Rich Lucibella Publisher S.W.A.T. Magazine
"For your own good" June 7, 2005 6 out of 6 found this review helpful
Rebelfire is a dystopia set in an all-too-plausible near future, where the only thing that's gone wrong with the world is that every little thing you say, do, eat, drink, or use in any way is monitored, surveilled and generally spied upon "for your own good." The chilling thing about the book's setting is that it is simply a projection of what we're already allowing "them" to do to us. There is no difference in form between Jeremy's world and ours. There's only a difference in degree.

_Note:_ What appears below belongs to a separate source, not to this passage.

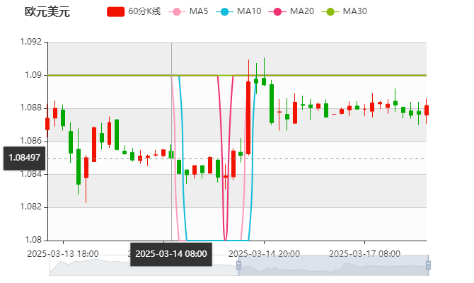 周一(3月17日)亚盘早盘,欧元兑美元上涨,目前交投于1.08附近,截止北京时间9:46分,欧元兑美元报价1.0888,涨幅0.04%,上一交易日欧元兑美元收盘为1.0884。投资者因欧美贸易关系前景不明朗而保持谨慎,欧元/美元近日上涨动力不足。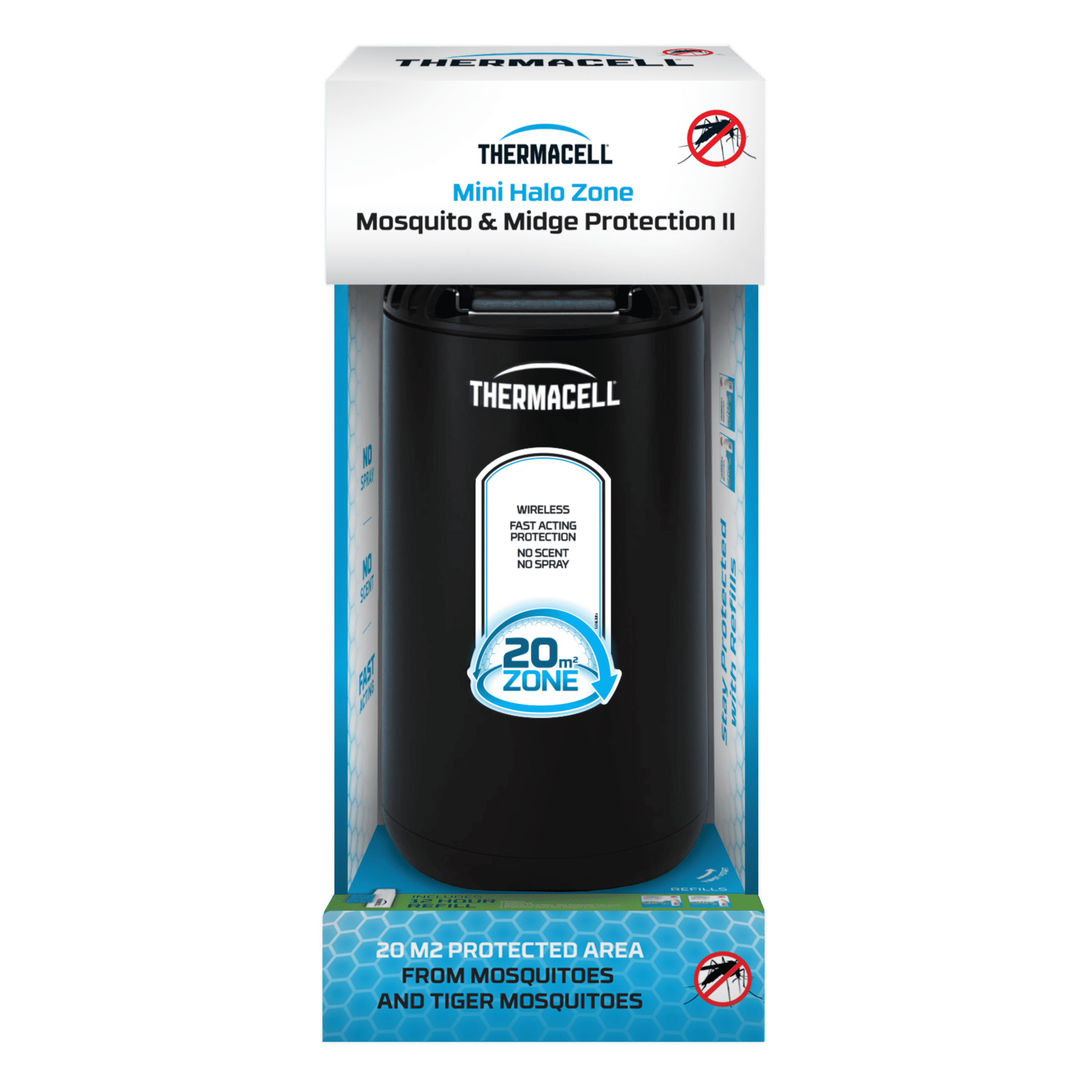 Mosquitoes and midges ruin everything, but Thermacell’s award-winning technology keeps them away by creating a 20sqm protection zone around you.

Since the book is written for teenagers, this middle-aged reader had to push a bit to get past the first few chapters of teenage angst and whining. But it's worth the trip, because once Jeremy gets going on his journey out of the Zone and out of his own callow self-absorbtion, the story just grabs you by the collar and doesn't let go until the end. At which point, alas, it drops you like a rotten orange and leaves you whining for more.
It's hard to believe this is Claire Wolfe's first fictional work, because the pacing, dialogue, and characterizations are marvelous. Any fans of her non-fiction will not be disappointed. But be careful about letting it fall into the hands of your kids. It might start giving them independent ideas, so it's definitely not "good for them."